As we begin the coding part of the R workshop, let us try to bring things together and make it as easy as possible for you to run the code and work with me as we progress through the topics of the next 2 days. On that note, ror each session of the R workshop, I will have an R script already prepared for you, complete with comments for every step that you will need to download and open in RStudio at the beginning of every workshop section.
Please download the following:
Getting the Data in
As with any program out there today, there are several ways to bring data into the R platform. We will work through 2 different ways to accomplish this task, and once we’ve worked through both, I would like to hear which one you prefer!
Reading a CSV file, gets you in the habit of creating a preservation-ready format for your data, but you’ve probably already figured out, that it also means having documentation at the ready – so you remember what variable is what, and with respect to reading it into R, you need to pick and choose the location, or make sure your working directory has been set at the beginning. Reading an Excel file, is just SOooo much easier and probably the way most of us like to work. Just remember to save your data as you work!
Merging files sounds like such an innocent task. I have an Excel file with 4 monthly worksheets and all I want to do is put them all together into 1 file, so I can analyse the data. Easy peasy right??
There are a few ways of merging files in R. The most straightforward method is to use the merge function available in Base R. Try it out with our data and tell me what happens when you merge the January data which has 25 observations with the February data which only has 23 observations?
So, we’ve noticed that there’s something NOT quite right with this merge.

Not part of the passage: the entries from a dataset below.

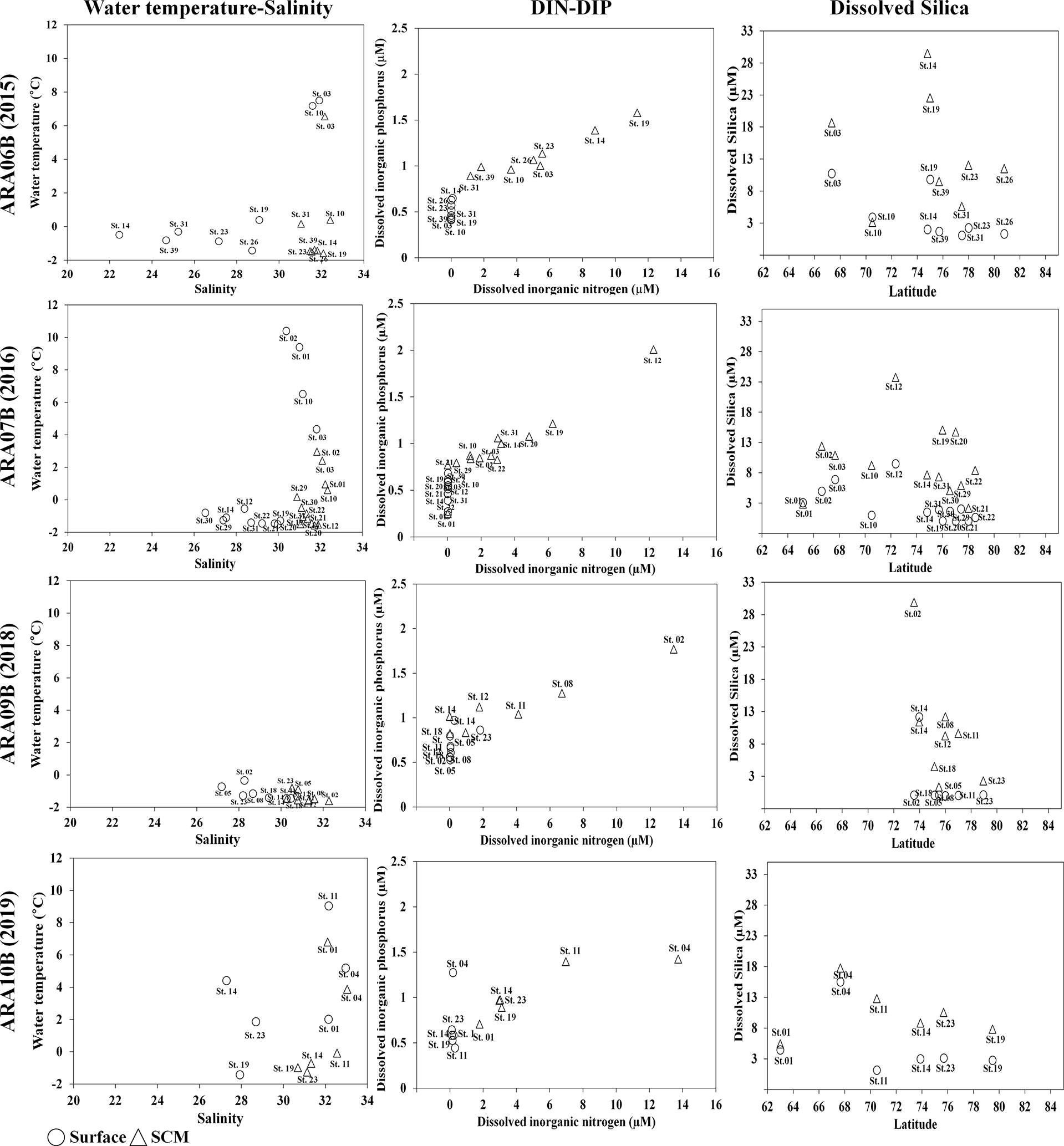 Changes in the environmental factors in the Arctic Ocean in the late summers during 2015-2019. The temperature-salinity plots obtained from each cruise. Plots of inorganic nutrient values [dissolved inorganic nitrogen(DIN)-dissolved inorganic phosphorus (DIP), and dissolved silica (DSi)] obtained from each cruise. SCM, subsurface chlorophyll maximum layer.
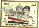 Timbre représentant Saladin et Saddam Hussain en libérateur de Jérusalem
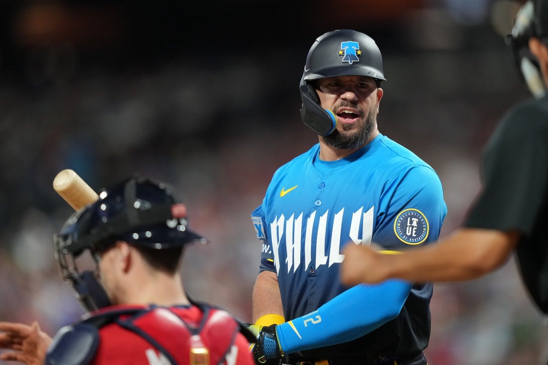 That escape set the stage for the Phillies’ tying rally in the bottom of the fourth. Schwarber led off with a walk and advanced when Harper bunted for a hit. Two batters later, Brandon Marsh hooked a single into right-center field to draw the hosts even.
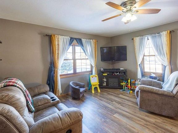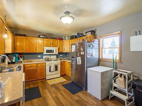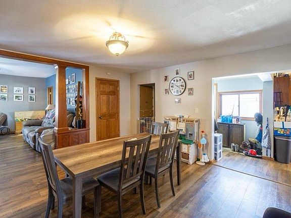 This move-in ready 4-bedroom, 1.5-bath home in Merrill offers 1,648 square feet on a spacious corner lot. It features convenient main-floor laundry and a welcoming foyer for winter gear. The updated kitchen includes ample counter space, cabinetry, and a door to the backyard, along with a cozy dinette. A formal dining room with a wood pillar entrance adds elegance for special occasions. The living and dining rooms are perfect for entertaining. The outdoor space includes a deck and gazebo for relaxation and gatherings. The main floor has two bedrooms, while the upper-level features two more, ideal for a home office or guests.
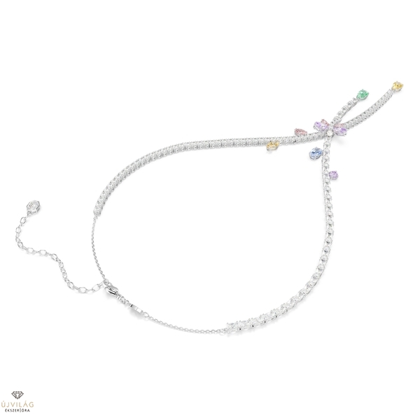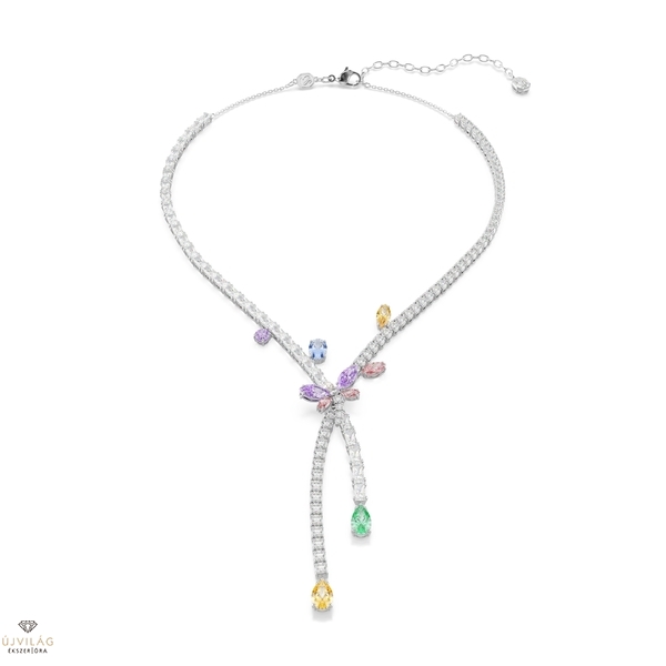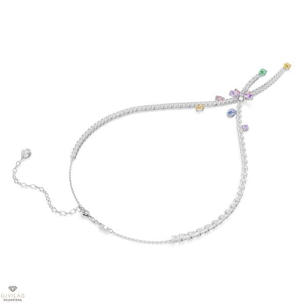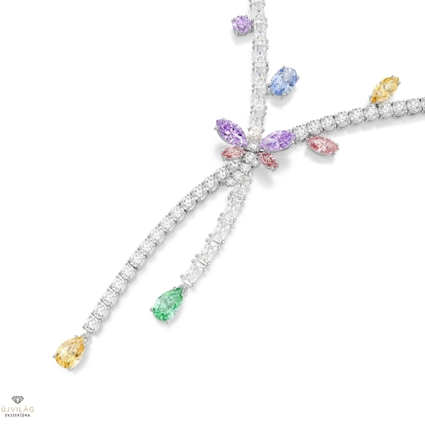 Képzelőerővel és izgalommal megalkotott, ez a crossover nyaklánc tele van meglepetésekkel. A ródiummal bevont láncra kerek és baguette vágású, tiszta Swarovski cirkóniák vannak felszerelve, míg a különféle pasztellszínű Swarovski cirkóniák kreativitással töltik meg az ékszert. Középen egy rózsaszín és lila színű szitakötő motívum ad a nyakláncnak egy csipetnyi átalakuló erőt.

The 2 observations that had a measure in January but not in February were not included in our final dataset. What happens if later on, say in March or April, we do have measures for these individuals? We want them to be included. So we need to consider other methods of merging our files.
We will use the joining functions available in the DPLYR package. By doing this we need to take a quick little detour to remind ourselves about sets, unions, and joins? This is the way that R takes when merging or rather joining datasets. You’ll also see that by taking this approach we can do merge all of our data using this one function, unlike SAS and SPSS.
This is a perfect opportunity to show you the Cheatsheets in R. In RStudio follow these steps:
- Data Transformation with DPLYR
Let’s work through the examples of Combine Tables to get a better understanding of how to merge in R.
Based on these examples, we are interested in performing a FULL_JOIN. Did the coding in the R script work for you? Can you see how this might work for your own research data?
Creating new variables
Creating a new variable is very straightforward function: Ynew = Var1 + Var2 or whatever variable you need to create. The tricky part is ensuring that it becomes a part of your dataset. Let’s work through the examples in the R script.
Now what if we want to recode a variable rather than just creating a new one? For example: we want to create a new variable called wtclass that will take the weights measured in January and put them into 3 weight classes: 1 = 13-16; 2 = 17-20; 3 = 21-24
Getting your data into R, can be as easy as using the READXL package and importing your Excel worksheets directly into R.
Once you have your dataset in R, you can merge files using the join functions available in the DPLYR package.
Creating new variables and recoding variables is straightforward, just remember to make sure that you have added them to your R datafile by using the attach() and detach() functions. Note there are other ways of doing this as well, this is just one.
Don’t be afraid to check out the Help resources – Cheatsheets are fun and very informative.